## TASK OBJECTIVE
Repeat the records exactly, minus the pictures.

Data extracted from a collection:
_ _ _ _ _
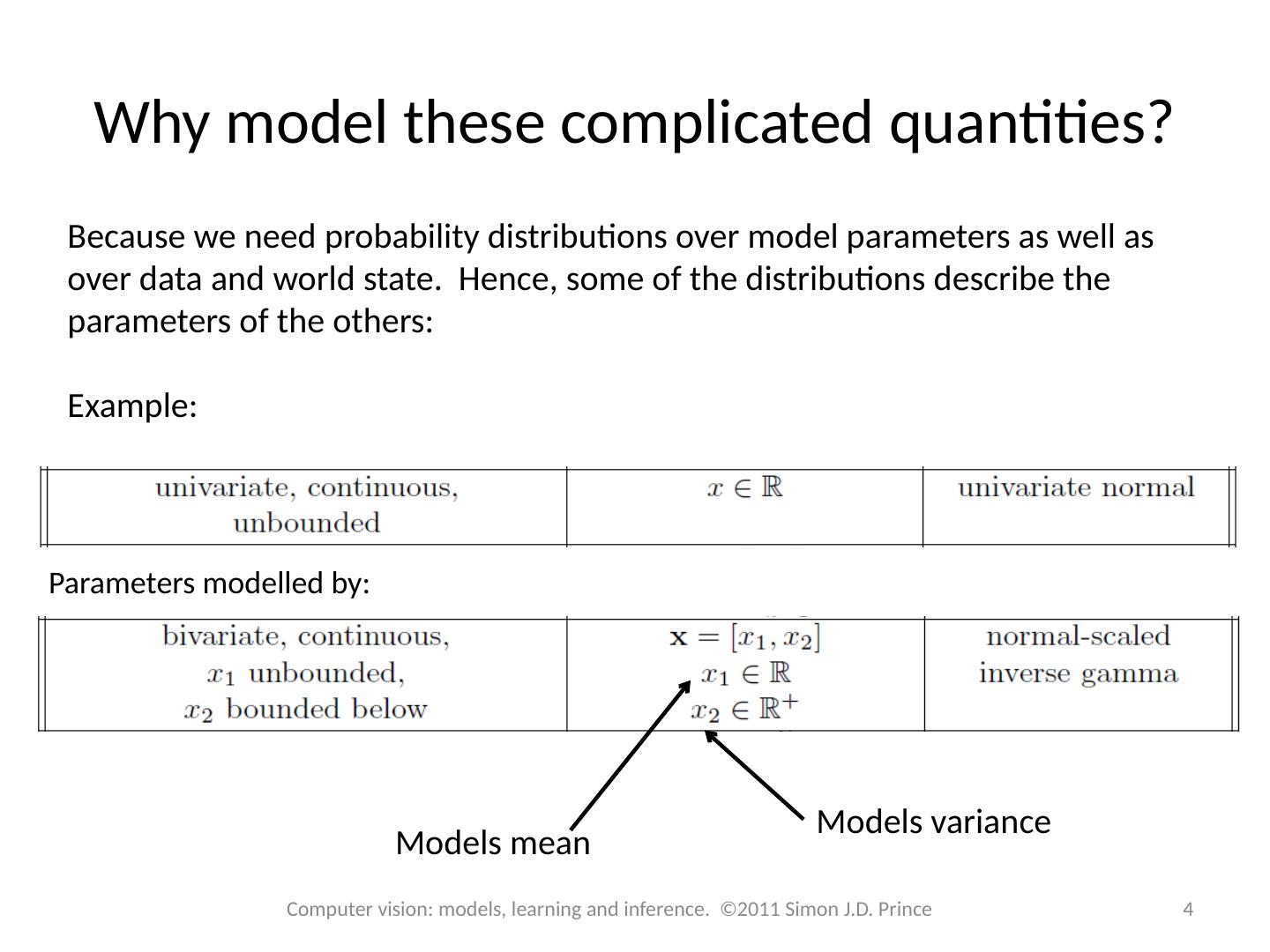 4 .Computer vision: models, learning and inference. ©2011 Simon J.D. Prince Why model these complicated quantities? Because we need probability distributions over model parameters as well as over data and world state. Hence, some of the distributions describe the parameters of the others: Example: Models mean Models variance Parameters modelled by: 4
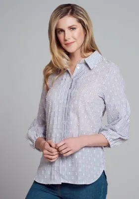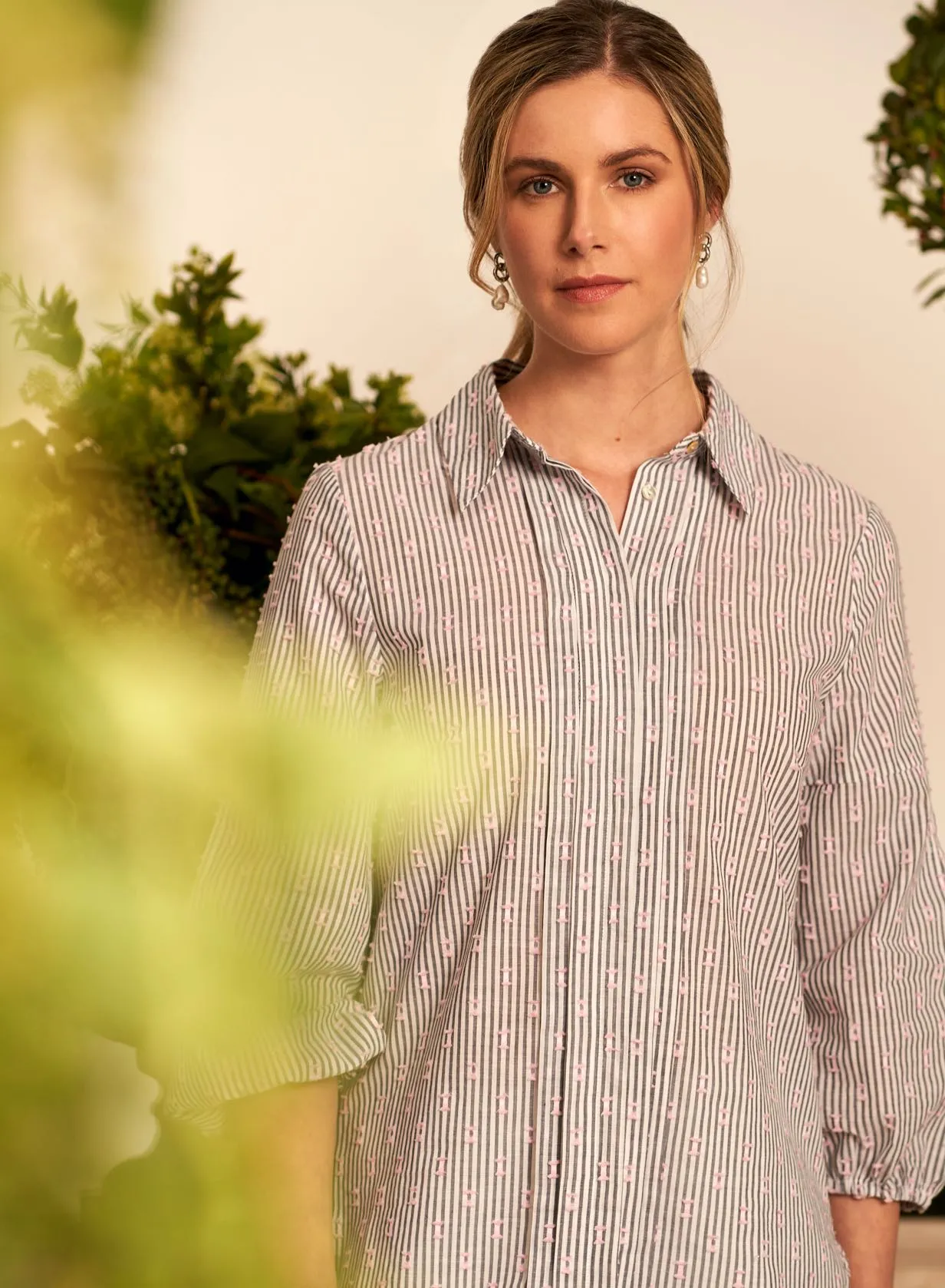 This pinstripe version has a statement pink jacquard design, adding character to a classic. Featuring balloon sleeves and pleat detail through the front, this shirt is made from lightweight 100% cotton. For an elegant touch, add our Le Lien Pearl Earrings.
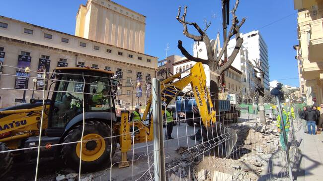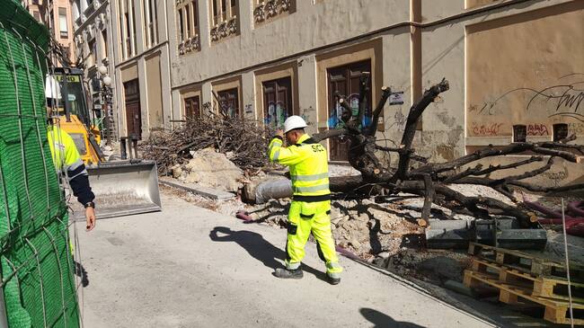 Operarios excavando junto a un alcorque para retirar una de las melias / Omar Sancho Maestre
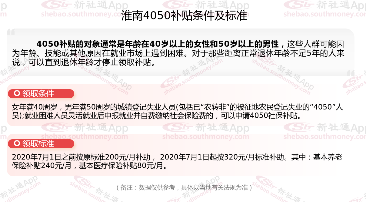 二、2025年淮南4050社保补贴标准及条件,最新如下:
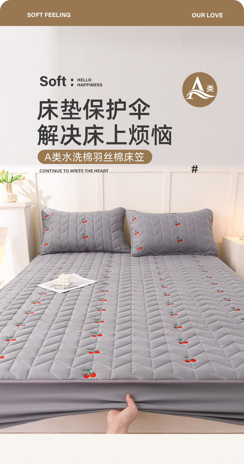 • 91家纺网 家纺一手货源 找家纺 推推家纺 2025新款A类水洗棉床笠单品床笠床笠单件 樱桃-深灰
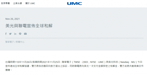 【TechWeb】11月26日消息,联华电子于官网发布公告称,联华电子与美光科技今日宣布达成全球和解协议,双方将各自撤回向对方提出之诉讼,同时联电将向美光一次支付金额保密之和解金,双方并将共创商业合作机会。
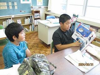 今朝のブックタイムは、自分の借りた本を友達に紹介する時間でした。どんな内容だったのか、印象に残っている場面や工夫されていた所などを上手に紹介していました。図書担当の先生からも「紹介の仕方が段々と上手になってきました。その本を借りて読みたくなるような内容でした。」と話されました。
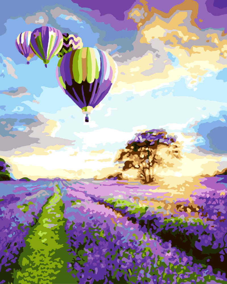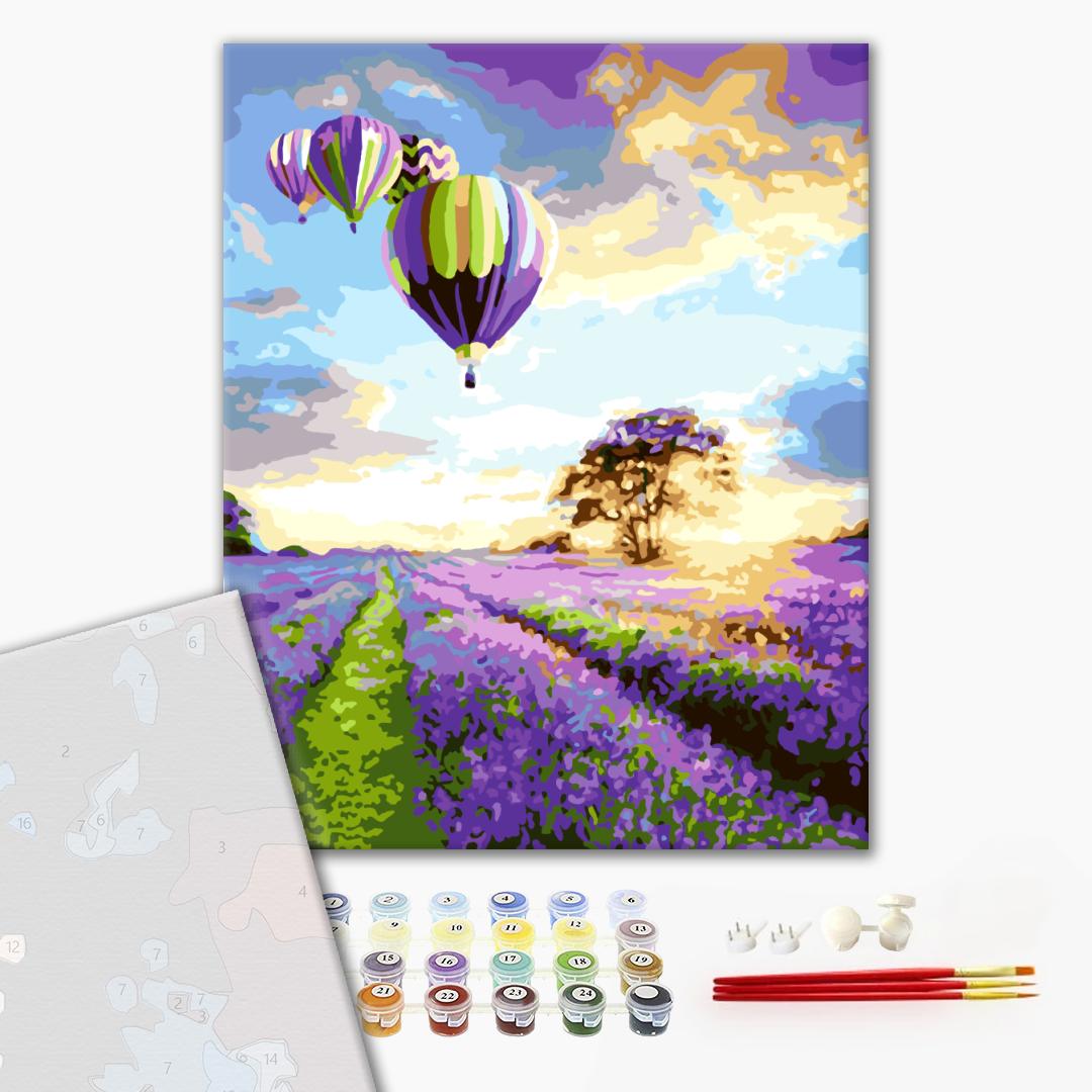Malowanie po numerach Premium Lot nad polem lawendy
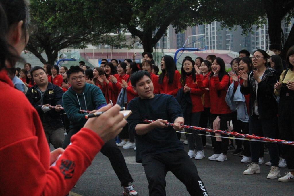 比赛当天,两支队伍都提前到达场地进行赛前准备。两只拔河队伍蓄势待发,旁边的啦啦队成员已排好队形与各院前来观赛的学子一起准备为拔河队伍加油助威。随着裁判的第一声哨响,动医啦啦队响起热烈掌声为拔河队伍打气,拔河队成员将绳子放在脚上准备蓄力。裁判第二声哨响,拔河比赛正式拉开帷幕,动医院方向“咚——”“咚——”鼓声擂擂扣人心弦。啦啦队成员踩着鼓声节奏喊起“一二一二”的口号,喊声响彻云霄。为自己而战更为公司的荣誉而战,动医拔河队员拼尽全力将绳子向自己方拽动,后排男生几经倒地。赛场上队员们个个斗志昂扬,用他们的汗水诠释了团结的意义。随着绳子不断向自己方移动,动医拔河队员愈战愈勇,手紧紧握着绳子,个个身子都向后倾斜。啦啦队成员更是放开喉咙喊口号。在响亮而有节奏的加油助威声中,拔河队成员一鼓作气将绳子拉到自己队伍方向来,取得了第一轮比赛的胜利。在接下来的第二轮比赛中,拔河队成员更是士气高涨乘胜追击,接连取得了两轮比赛的胜利。随着裁判的哨响宣布比赛的结束,动医拔河队成员激动地相互拥抱庆祝比赛的胜利,旁边的啦啦队成员和观赛群众也都扬起笑容,场面热烈了起来。
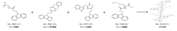 1.通过Fmoc-甘氨酸、Fmoc-L-苯丙氨酸、Fmoc-L-色氨酸和Fmoc-L-蛋氨酸合成辛卡利特
_ _ _ _ _
## WRITTEN SOLUTION
 4 .Computer vision: models, learning and inference. ©2011 Simon J.D. Prince Why model these complicated quantities? Because we need probability distributions over model parameters as well as over data and world state. Hence, some of the distributions describe the parameters of the others: Example: Models mean Models variance Parameters modelled by: 4
 This pinstripe version has a statement pink jacquard design, adding character to a classic. Featuring balloon sleeves and pleat detail through the front, this shirt is made from lightweight 100% cotton. For an elegant touch, add our Le Lien Pearl Earrings.
 Operarios excavando junto a un alcorque para retirar una de las melias / Omar Sancho Maestre
 二、2025年淮南4050社保补贴标准及条件,最新如下:
 • 91家纺网 家纺一手货源 找家纺 推推家纺 2025新款A类水洗棉床笠单品床笠床笠单件 樱桃-深灰
 【TechWeb】11月26日消息,联华电子于官网发布公告称,联华电子与美光科技今日宣布达成全球和解协议,双方将各自撤回向对方提出之诉讼,同时联电将向美光一次支付金额保密之和解金,双方并将共创商业合作机会。
 今朝のブックタイムは、自分の借りた本を友達に紹介する時間でした。どんな内容だったのか、印象に残っている場面や工夫されていた所などを上手に紹介していました。図書担当の先生からも「紹介の仕方が段々と上手になってきました。その本を借りて読みたくなるような内容でした。」と話されました。
Malowanie po numerach Premium Lot nad polem lawendy
 比赛当天,两支队伍都提前到达场地进行赛前准备。两只拔河队伍蓄势待发,旁边的啦啦队成员已排好队形与各院前来观赛的学子一起准备为拔河队伍加油助威。随着裁判的第一声哨响,动医啦啦队响起热烈掌声为拔河队伍打气,拔河队成员将绳子放在脚上准备蓄力。裁判第二声哨响,拔河比赛正式拉开帷幕,动医院方向“咚——”“咚——”鼓声擂擂扣人心弦。啦啦队成员踩着鼓声节奏喊起“一二一二”的口号,喊声响彻云霄。为自己而战更为公司的荣誉而战,动医拔河队员拼尽全力将绳子向自己方拽动,后排男生几经倒地。赛场上队员们个个斗志昂扬,用他们的汗水诠释了团结的意义。随着绳子不断向自己方移动,动医拔河队员愈战愈勇,手紧紧握着绳子,个个身子都向后倾斜。啦啦队成员更是放开喉咙喊口号。在响亮而有节奏的加油助威声中,拔河队成员一鼓作气将绳子拉到自己队伍方向来,取得了第一轮比赛的胜利。在接下来的第二轮比赛中,拔河队成员更是士气高涨乘胜追击,接连取得了两轮比赛的胜利。随着裁判的哨响宣布比赛的结束,动医拔河队成员激动地相互拥抱庆祝比赛的胜利,旁边的啦啦队成员和观赛群众也都扬起笑容,场面热烈了起来。
 1.通过Fmoc-甘氨酸、Fmoc-L-苯丙氨酸、Fmoc-L-色氨酸和Fmoc-L-蛋氨酸合成辛卡利特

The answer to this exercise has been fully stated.